– And Other Motivations

By Maida Korte

“You can’t get there by bus, only by hard work and risk and by not quite knowing what you’re doing. What you’ll discover will be wonderful. What you’ll discover will be yourself.” 

– Alan Alda

          Motivation to complete a task takes many forms.  Some of these are internal in nature based squarely on the shoulders of personality traits.  Other forms of motivation are external and include threats, cajoling, and begging on one side of the spectrum with encouragement, praise and applaud on the other.  I have always possessed a certain amount of intestinal fortitude which has served me well in my school days, but when it came to earning money, I was less than focused in my early years of working for a living.

           Purposeful to others, but fragmented behind my eyes, I rushed head-long to multiple forms of work.  Waitress, mail-room assistant, paper delivery girl, cook, house organizer, collection agency clerk, jazzercize instructor, gymnastics dance coach, all filled my resume in a very short span of two years.  A gung-ho response got me in the door, but a bored collective my soul could not compromise had me out the door a few weeks later.  It was not until I began using my schooling of art and design to gain clients whose houses needed help, that I found my ultimate niche. The ability to meet a project head on, ever changing, always new, each project piquing my interest, ultimately won my heart.  This career also brought in enough money so I could take my children to the fabric store where we would pore over patterns and plaids, sewing up wardrobes for my little girls. 

          Whenever I am asked about my work, I respond by saying that I am a design-build interior designer which begets responses that are all positive, even wistful.

“How fun!”

“Oh, you are so lucky!”

“I wish I could do that.” 

This is the consensus and I stopped, a long time ago, trying to change their minds.  I suppose it does have a romantic ring about it, stepping across a threshold to transform a space and therefore, transform lives.  What was an ordinary existence will now become serene, orderly, well-planned, showing forth the fruits of the spirit as everything is whisked away to its proper place.  Families living in beauty, surrounded by order, and I have saved them.  The truth is so far from this dream to be laughable.  Most clients are exhausted at the end of projects and the end comes just in the nick of time.   

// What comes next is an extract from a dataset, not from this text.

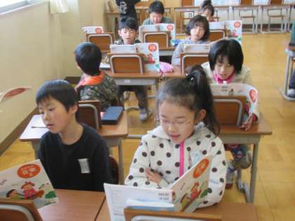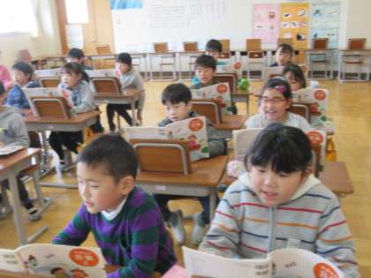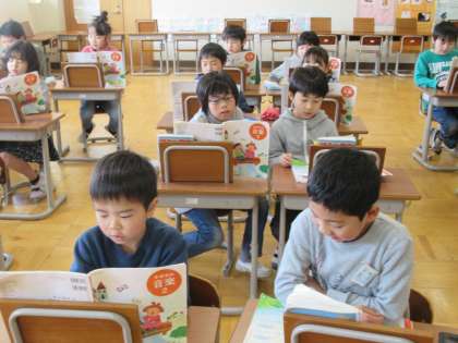 音楽室に近づくと、すてきな歌声が聞こえてきました。各国のあいさつの言葉が入った歌を、楽しく歌っていました。

Rarely does a project fall apart because a roof caves in, or the flooring finish fails, or water cascades over foundation walls in a basement.  It is generally death by a thousand cuts and these take the form of a popped nail, lunch garbage left behind by laborers, power tools blowing circuits, floor protection failing, a cat let out inadvertently, or someone not showing up at the promised time.  Each of these things is smallish considering the largeness of each project but they still cause anxiety and erode trust.  I am aware of the precious privilege of the client/designer relationship and I do endeavor to manage expectations but I get it wrong.  We are late because things don’t come in on a timely promised basis.  Men get sick, finishes don’t fit, clients change their mind, rain stops almost everything, and though everyone is working hard to maintain a certain decorum of politeness, frayed nerves begin to leak like a faucet with a broken washer.   

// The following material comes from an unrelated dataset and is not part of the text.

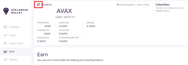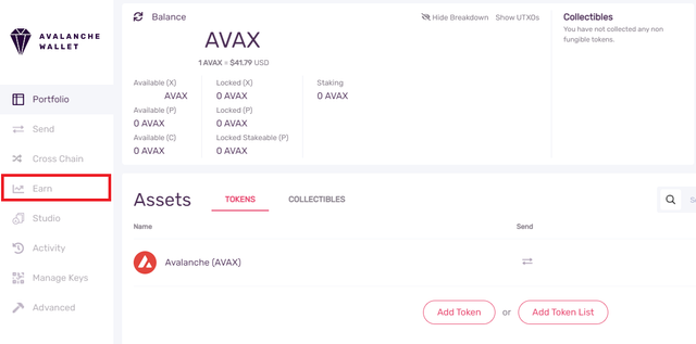 ② 월렛으로 AVAX출금이 완료되었으면, 아발란체 월렛에서 좌측에 보이는 Earn탭을 클릭합니다

It is my job to show up, to explain, to answer, to take it and so I sit in my car, knowing that a disappointed client might be waiting to talk to me.  I do not like confrontation and will do just about anything to avoid it.  I deflect, defer, detour, and run away.  I have been like this my whole life, even when I have admirably hidden this particular trait from the world.  My brave face is well oiled and yet I struggle with the anxiety of crowded brain syndrome.  Still, I sit in my car.

My husband Andy reminds me of my lovely clients.  Those clients who call me to come back, to help, to rescue them yet again.  Those clients who serve pizza to the sub-contractors and smile when we come marching in to dirty their home with work boots and loud tools and equipment.  These are the heroes of the story and I run to their doors, as Natty running through the forest.  Yes, I remember you.  You have made my working life joyful and it is to you I bow.

  My motivation comes from a land outside of myself. It comes from being surrounded by a family so resilient as to be ridiculous, so brilliant as to showcase me as a doddering fool, a husband so kind and hilariously dry of wit as to make life impossibly fun, and daughters who continue to amaze me that they could be mine.  I am surrounded by so great a cloud of witnesses that I tell myself to get out of the car.  Just one more time.